Later I pondered how in a season of pandemic and death where physical visits are denied, that the Lord would unfold this ministry of hope to those who are on their deathbed. To bring reassurance in many forms to them of where they are going. To speak to their spirit in a language that they understand. And this pondering was the best aspect of a day that had already gone super well. Surely, He makes a way where there seems to be no way.
It was not without humour. I was alert to the fact that a text could come anytime of the night with news, so shortly after midnight when my phone beeped I grabbed it. The news – my internet provider was informing of data usage.

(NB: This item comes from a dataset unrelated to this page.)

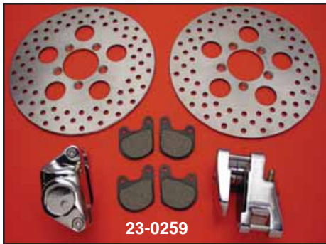
1977-83 Chrome Dual Disc Caliper and Rotor Set includes (2) chrome calipers and (2) 10" drilled rotors.

Friday unfolded with more real time updates and photos. But mostly I continued to pray for you, Val. I knew you had been strong, a constant presence with Mom, yet when the final exhalation ushered her out there’d be the grief that is a result of being human. The praying had been done. The peace had been established. The permissions to leave this world and go unfettered to her Lord and King had been released. The reunion with her dearly beloved husband was anticipated.
So at 10:40 p.m. Mom breathed her last, and Heaven gained its newest citizen. After 34 years Bill and Gladys hug each other, never to be separated again. Pain-free, young, and in their prime.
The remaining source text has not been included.